The ks.test function checks for the presence of ties noting in the help page
that "continuous distributions do not generate them".  Given the problem of
"measuring to the nearest..." noted above I frequently find that my data has
ties and ks.test generates a warning.
I was interested to note that the example of a two-sample KS test given in
Sokal & Rohlf's "Biometry" (I have the 2nd edition where the example is on
p.441) has exactly the same problem:
> A <- c(104,109,112,114,116,118,118,117,121,123,125,126,126,128,128,128)

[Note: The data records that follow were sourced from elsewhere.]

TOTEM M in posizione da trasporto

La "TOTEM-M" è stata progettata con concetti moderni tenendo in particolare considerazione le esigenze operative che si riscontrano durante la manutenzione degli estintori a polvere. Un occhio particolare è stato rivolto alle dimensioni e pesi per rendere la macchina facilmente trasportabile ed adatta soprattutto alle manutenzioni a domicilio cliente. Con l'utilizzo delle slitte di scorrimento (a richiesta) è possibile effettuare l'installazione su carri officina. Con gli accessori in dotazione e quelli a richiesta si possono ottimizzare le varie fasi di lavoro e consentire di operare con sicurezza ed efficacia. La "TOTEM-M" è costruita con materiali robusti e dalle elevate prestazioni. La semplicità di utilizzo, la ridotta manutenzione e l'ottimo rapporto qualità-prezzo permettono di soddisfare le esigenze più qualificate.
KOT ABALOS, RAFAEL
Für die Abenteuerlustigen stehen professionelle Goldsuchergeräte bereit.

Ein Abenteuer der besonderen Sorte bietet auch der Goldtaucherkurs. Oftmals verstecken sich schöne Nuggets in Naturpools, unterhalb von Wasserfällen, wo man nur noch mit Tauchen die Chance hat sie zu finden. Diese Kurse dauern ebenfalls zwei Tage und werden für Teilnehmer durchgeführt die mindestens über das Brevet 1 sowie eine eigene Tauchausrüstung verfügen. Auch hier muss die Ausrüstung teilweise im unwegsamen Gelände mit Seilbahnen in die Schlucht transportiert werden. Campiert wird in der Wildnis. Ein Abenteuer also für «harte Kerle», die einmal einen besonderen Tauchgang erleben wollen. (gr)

> B <- c(100,105,107,107,108,111,116,120,121,123)
> ks.test(A,B)

Two-sample Kolmogorov-Smirnov test

data:  A and B
D = 0.475, p-value = 0.1244
alternative hypothesis: two.sided

Warning message:
cannot compute correct p-values with ties in: ks.test(A, B)

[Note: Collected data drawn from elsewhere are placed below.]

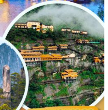
หุบเขาเทวดา

เมนูพิเศษ!! เปิดปักกิ่ง หมูแดง ปลาหมักเป็ยร้อฮยาง
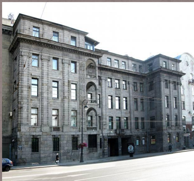
Доходный дом К. Маркова. (Неоклассицизм) Архитектор: Щуко Владимир Алексеевич .

Неоклассицизм, неоклассика, термин, принятый в советском искусствознании и отчасти литературоведении для обозначения различных по социальной направленности и идеологическому содержанию художественных явлений последней трети 19 — 20 вв., которым присуще обращение к традициям искусства античности, искусства эпохи Возрождения или классицизма.
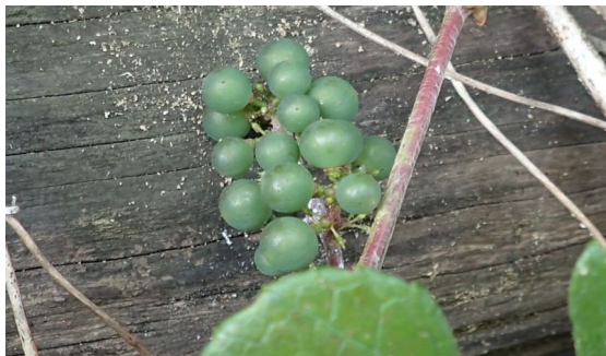
エビヅル 小さなブドウのような果実ができる。

In their chapter 2, "Data in Biology", Sokal & Rohlf note "any given reading
of a continuous variable ... is therefore an approximation to the exact
reading, which is in practice unknowable.  However, for the purposes of
computation these approximations are usually sufficient..."
I am interested to know whether this can be made more exact.  Are there
methods to test that data are measured at an appropriate scale so as to be
regarded as sufficiently continuous for a KS test, or is common sense choice
of measurement precision widely regarded as sufficient?